= Dyke baronets =

Title in the Baronetage of England

Arms of Dyke: Or, three cinquefoils sable

The Dyke Baronetcy, of Horeham in the County of Sussex, is a title in the Baronetage of England. It was created on 3 March 1677 for Thomas Dyke, Commissioner of Public Accounts and Member of Parliament for Sussex and East Grinstead. The 2nd Baronet married Anne Hart, daughter and heiress of Percival Hart. In 1836 the 5th Baronet unsuccessfully claimed the barony of Braye, of which peerage he was a co-heir through the Hart family. The 7th Baronet was a Conservative politician.
Percyvall Hart Dyke (1872–1952), grandson of Reverend Thomas Hart Dyke, second son of the 5th Baronet, was a Colonel in the Indian Army. His son Trevor Hart Dyke was a Brigadier in the Queen's Royal Regiment. David Hart Dyke (b. 1938), son of Reverend Eric Hart Dyke, son of the aforementioned Colonel Percyvall Hart Dyke, is a retired Captain in the Royal Navy and commanded during the Falklands War. His daughter Miranda Hart is a writer, comedian, and actress.

==Dyke family==
The Dyke family originated at Dykesfield, Cumberland and branches later settled at Henfield in Sussex and at Cranbrook in Kent. Reginald de Dike of Cranbrook was Sheriff of Kent in 1355. Thomas Dyke (d.1632) of Cranbrook married Joan Walsh, heiress of the manor of Horeham in the parish of Waldron in Sussex, which thus passed to the Dykes.

===Somerset branch===
Another prominent branch of the Dyke family, which uses the same arms, was a major landholder in Somerset in the 17th and 18th centuries, with branches seated at Tetton, Holnicote and Pixton. The heiress of all these branches was Elizabeth Dyke (d.1753), daughter of Thomas Dyke of Tetton, who married Sir Thomas Dyke Acland, 7th Baronet (1722-1785), of Killerton in Devon and Petherton Park in Somerset, who in accordance with the terms of his wife's "princely inheritance" adopted the additional surname of Dyke.

==Present day==

In 2015 the holder of the title was the 10th Baronet, who lives in Canada, and who in 2008 stood in the 40th Canadian General Election as the Green Party candidate for Hamilton East—Stoney Creek, Ontario. He is unmarried and the heir presumptive to the baronetcy is his first cousin Tom Hart Dyke.
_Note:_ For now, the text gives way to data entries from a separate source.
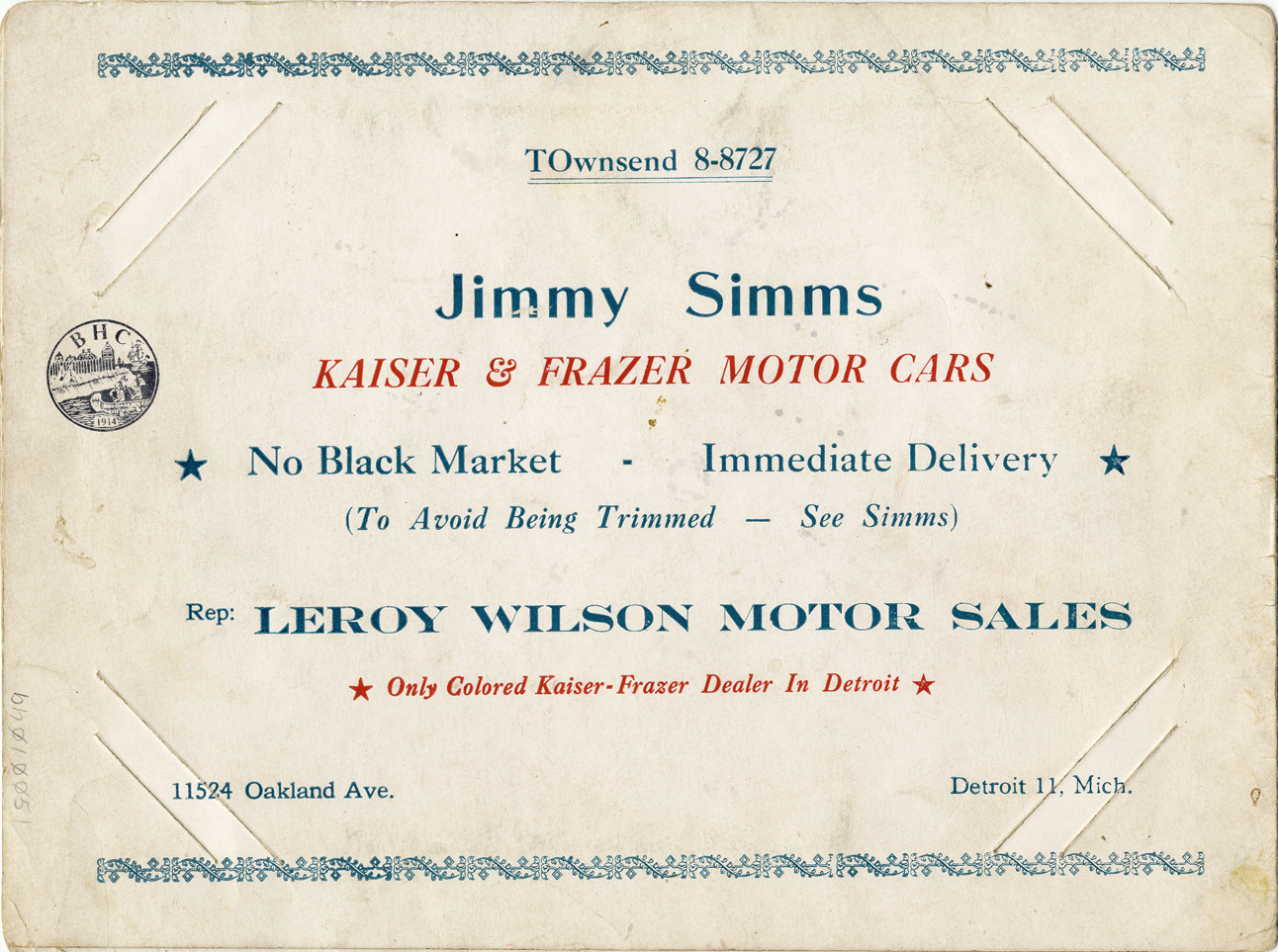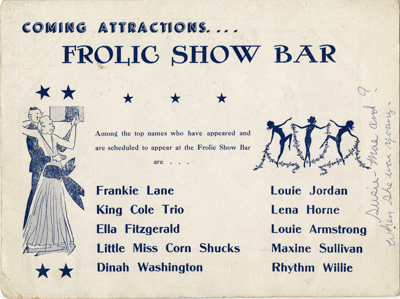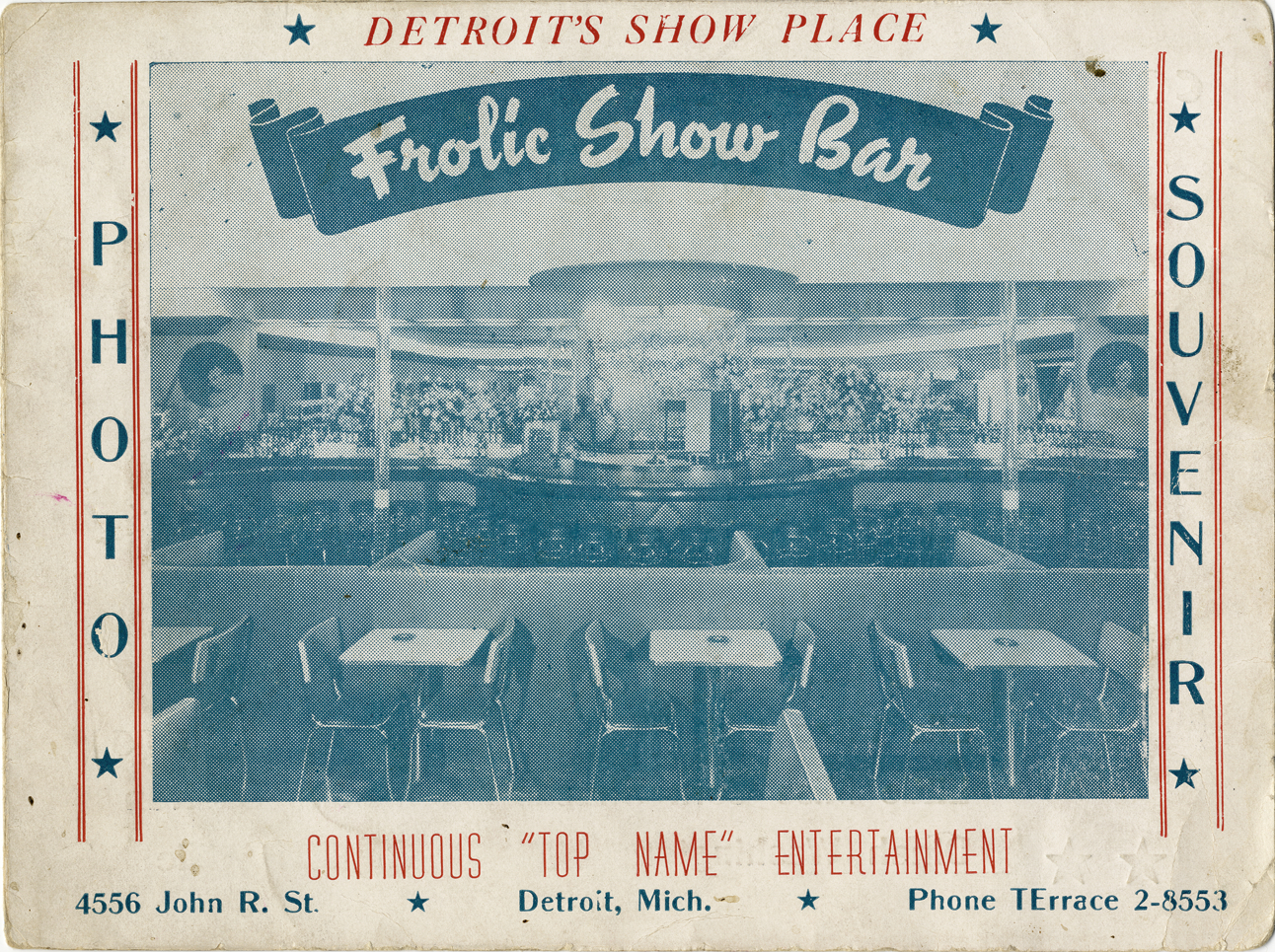 Souvenir photograph folder from Frolic Show Bar in Detroit, Michigan. Cover depicts interior of nightclub, with tables, chairs and bar. Printed on front: "Frolic Show Bar, Detroit's show place, continuous top name entertainment. Photo souvenir. 4556 John R. St., Detroit, Mich., Phone TErrace 2-8553." Folder includes list of coming attractions and advertisement for Jimmy Simms, dealer for Kaiser and Frazer motor cars. Photograph is missing from folder.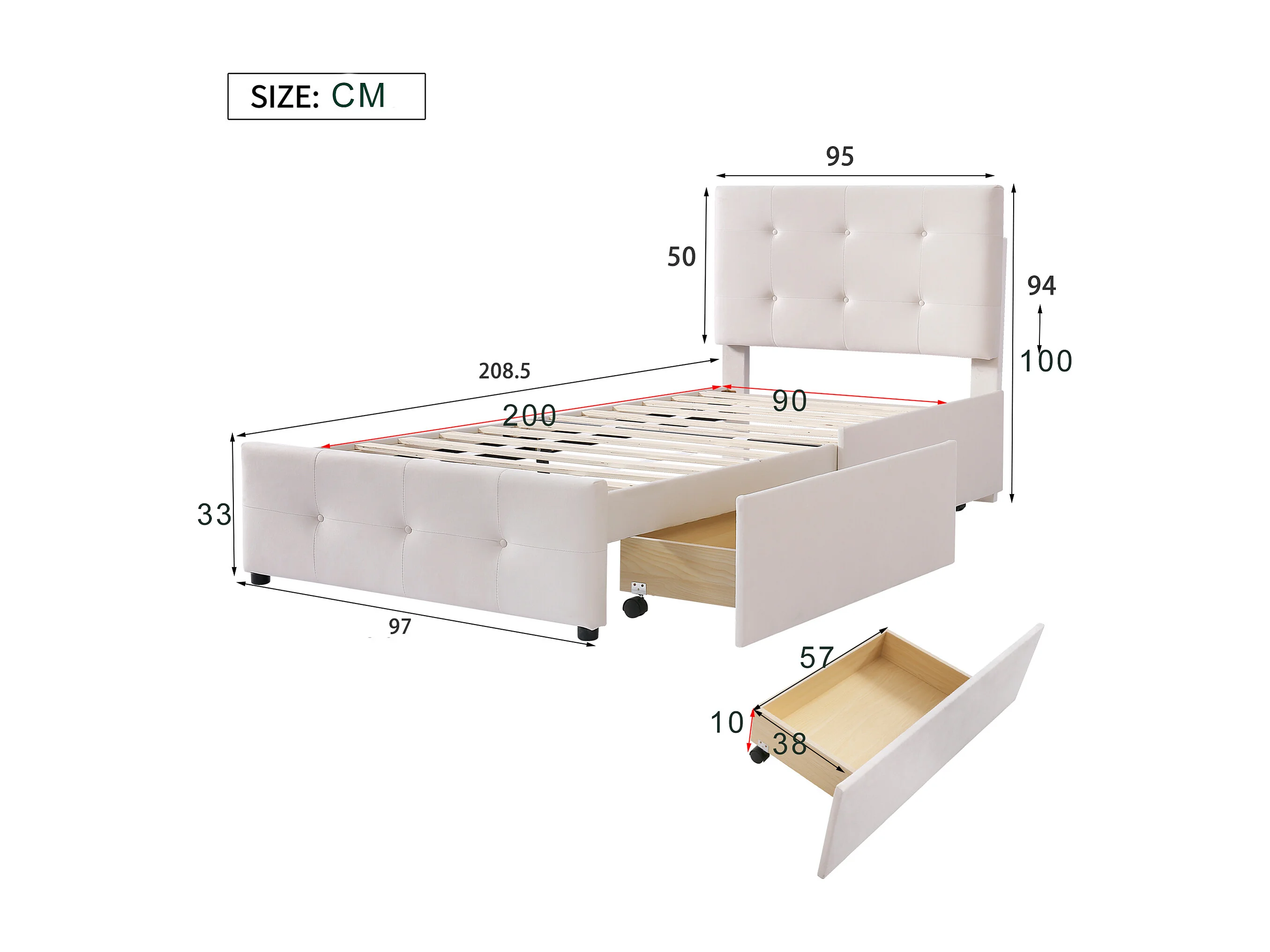 Lit rembourré 90x200 cm avec tiroirs et sommier, tête rembourrée, velours beige, lit enfant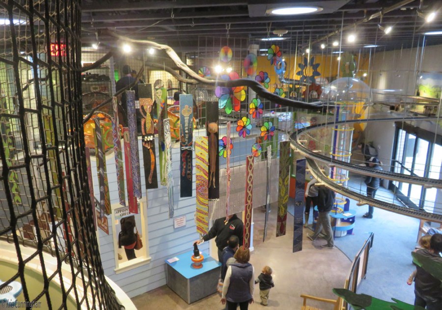 Look at all the colorful decorations, and the train tracks overhead. The black thing on the blue stand blows air and if you aim it right, you can balance a ball on the air stream.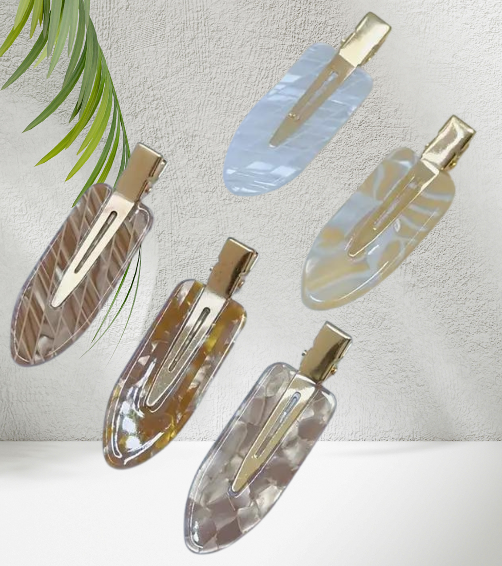 Marble Traceless Hair Clips 5 Piece. Elevate your look with these stylish and versatile accessories that securely hold your hair in place while adding a touch of elegance. Perfect for casual days or special occasions, these duckbill clips are a must-have for every fashion-forward woman.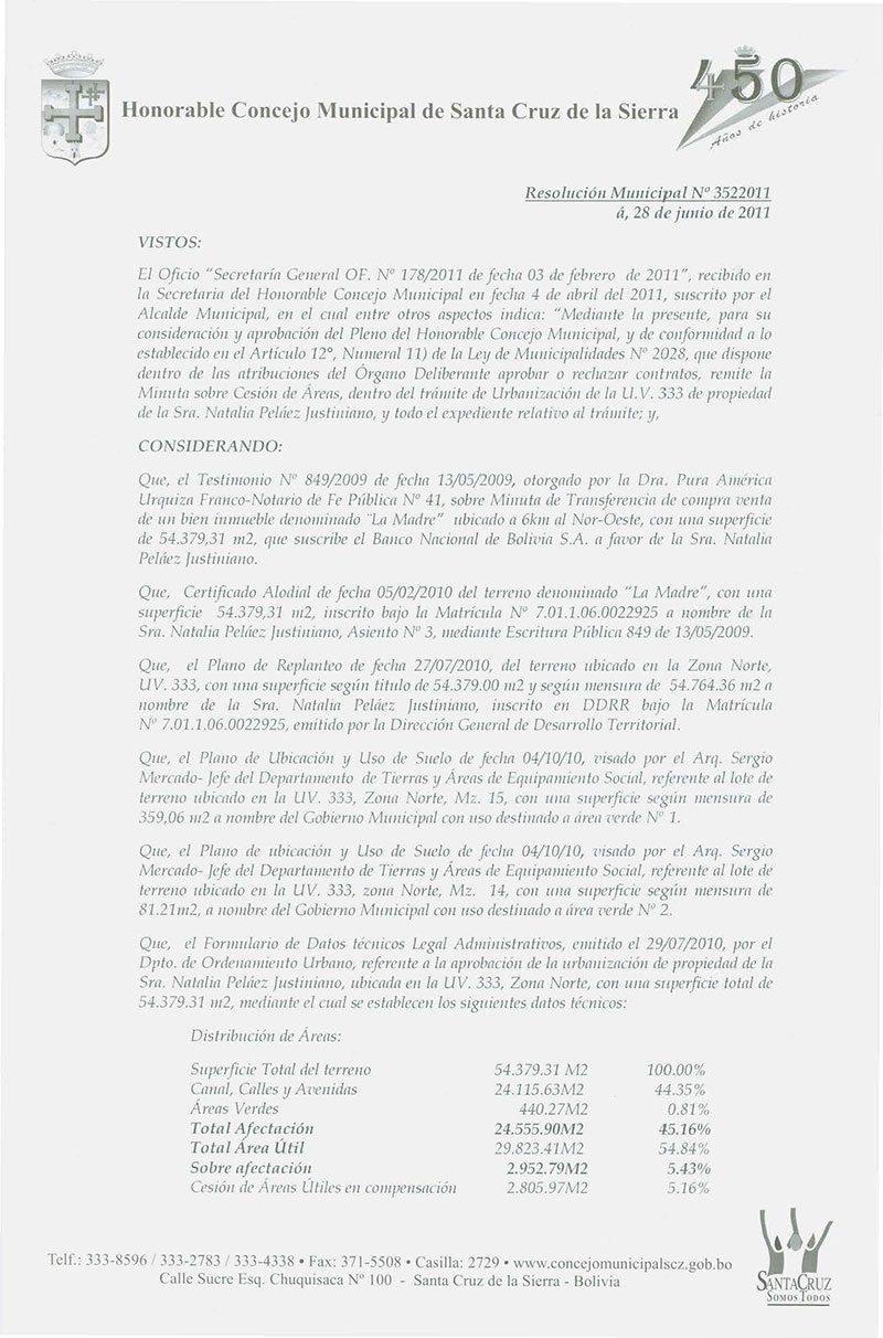 Aprueba el Contrato Nº 046/2011, referente al Uso de Superficie para mausoleo, que se adjudica a favor de la Señora Dominga Adela Valverde Castro, sobre un espacio de terreno para Mausoleo, ubicado en el Cementerio Municipal Sagrado Corazón de Jesús.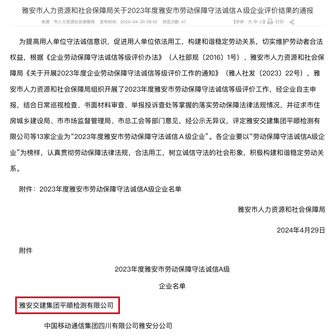 近日,雅安市人社局發(fā)布通報(bào),雅安交建集團(tuán)平順公司被評(píng)定為“2023年度雅安市勞動(dòng)保障守法誠(chéng)信A級(jí)企業(yè)”。此次評(píng)選由人社局結(jié)合日常巡視檢查、書面材料審查、舉報(bào)投訴查處以及專項(xiàng)檢查等活動(dòng)掌握的落實(shí)勞動(dòng)保障法律法規(guī)情況,并征求市場(chǎng)監(jiān)管局等部門和單位意見(jiàn)后,綜合評(píng)定而出。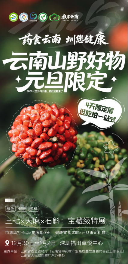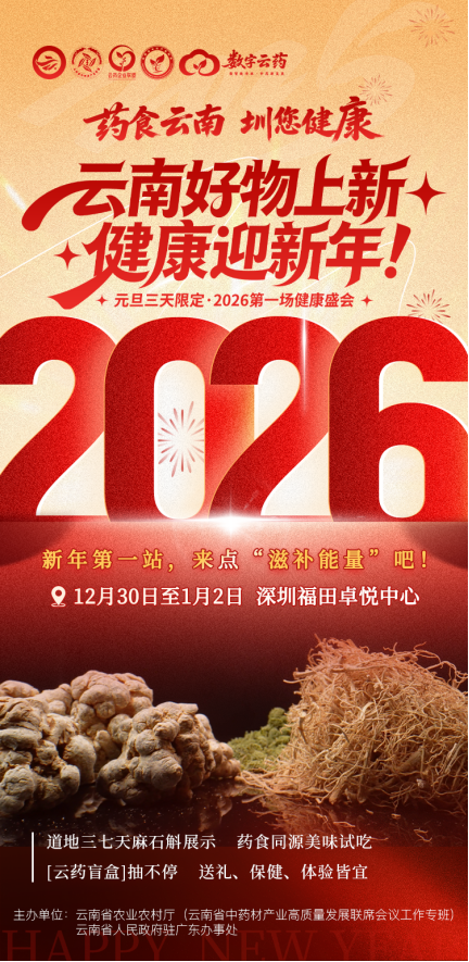 由云南省農(nóng)業(yè)農(nóng)村廳、云南省人民政府駐廣東辦事處主辦的“藥食同源·圳在健康”展銷活動(dòng)將于2025年12月30日至2026年1月2日在卓悅中心亮相,覆蓋整個(gè)元旦假期。云南白藥、華信三七、騰藥、滋仙草等來自云嶺高原的代表性品牌將悉數(shù)到場(chǎng),與深圳市民近距離見面。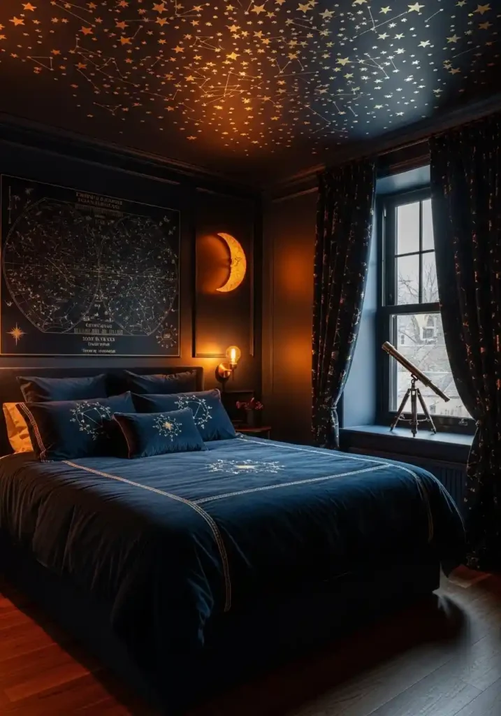 A celestial dark moody bedroom — where deep midnight navy walls are hand-decorated with gold leaf stars creating a genuinely immersive private night sky of such extraordinary beauty and such genuine celestial accuracy that every night spent within it feels like sleeping beneath the most perfect and the most personally significant star field ever observed — creates the most magically atmospheric and the most genuinely wonder-inspiring moody bedroom available for personalities who find their deepest resonance with the infinite beauty and the extraordinary scale of the actual universe beyond the earth’s atmosphere!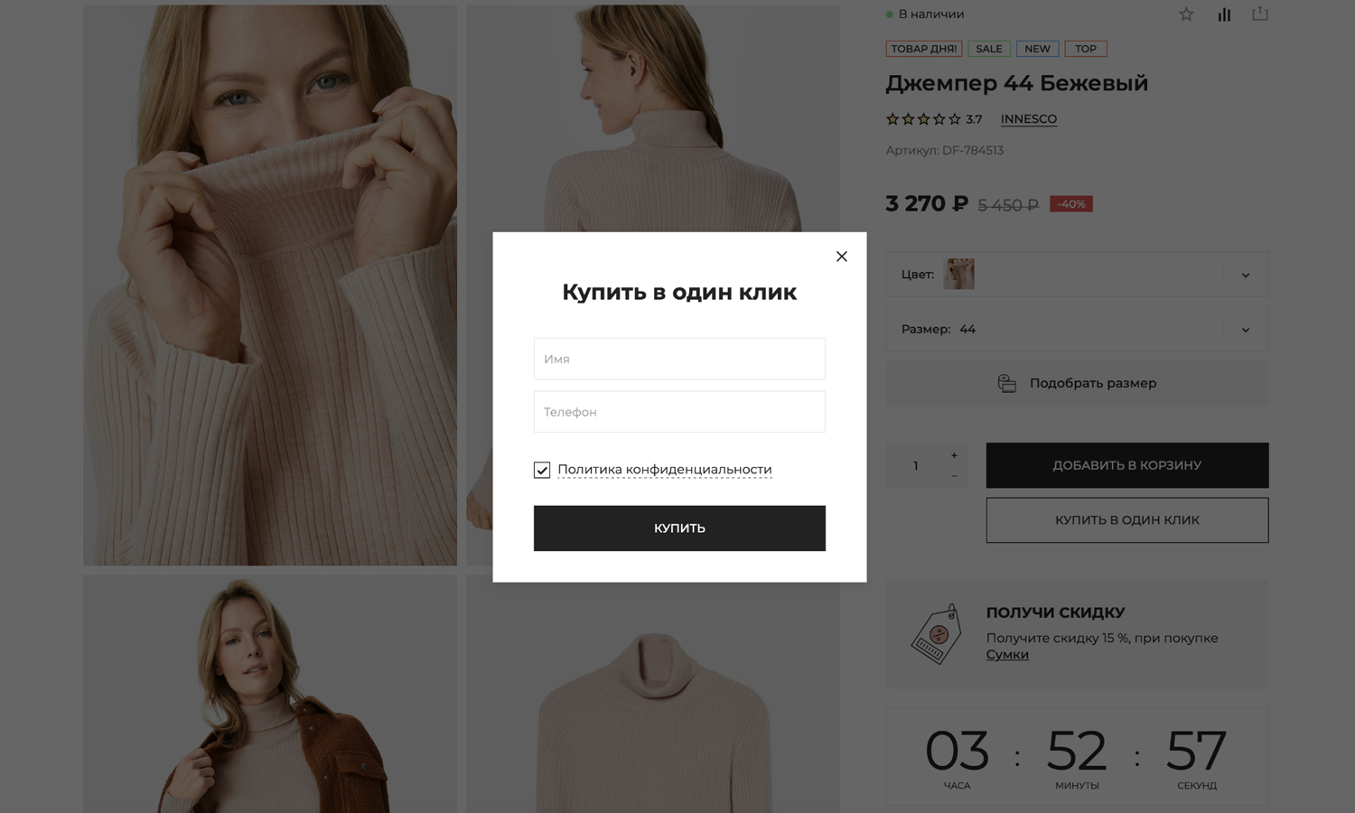 Товарная карточка, которую вы хотели. Создана по образу успешных fashion-магазинов.

==Dyke baronets, of Horeham, Sussex (1677)==
- Sir Thomas Dyke, 1st Baronet (c. 1650–1706)
- Sir Thomas Dyke, 2nd Baronet (c. 1700–1756)
- Sir John Dixon Dyke, 3rd Baronet (1732–1810)
- Sir Thomas Dyke, 4th Baronet (1763–1831)
- Sir Percival Hart Dyke, 5th Baronet (1767–1846)
- Sir Percyvall Hart Dyke, 6th Baronet (1799–1875)
  - Lieutenant Percyvall Hart Dyke (1836–1855)
- Sir William Hart Dyke, 7th Baronet (1837–1931)
  - Percyvall Hart Dyke (1871–1922)
  - William Montagu Hart Dyke (1877–1877)
- Sir Oliver Hamilton Augustus Hart Dyke, 8th Baronet (1885–1969)
- Sir Derek William Hart Dyke, 9th Baronet (1924–1987), son.
- Sir David William Hart Dyke, 10th Baronet (born 1955), son.

The heir presumptive to the baronetcy is Thomas Guy Hart Dyke (born 1976), first cousin of the 10th baronet and grandson of the eighth baronet.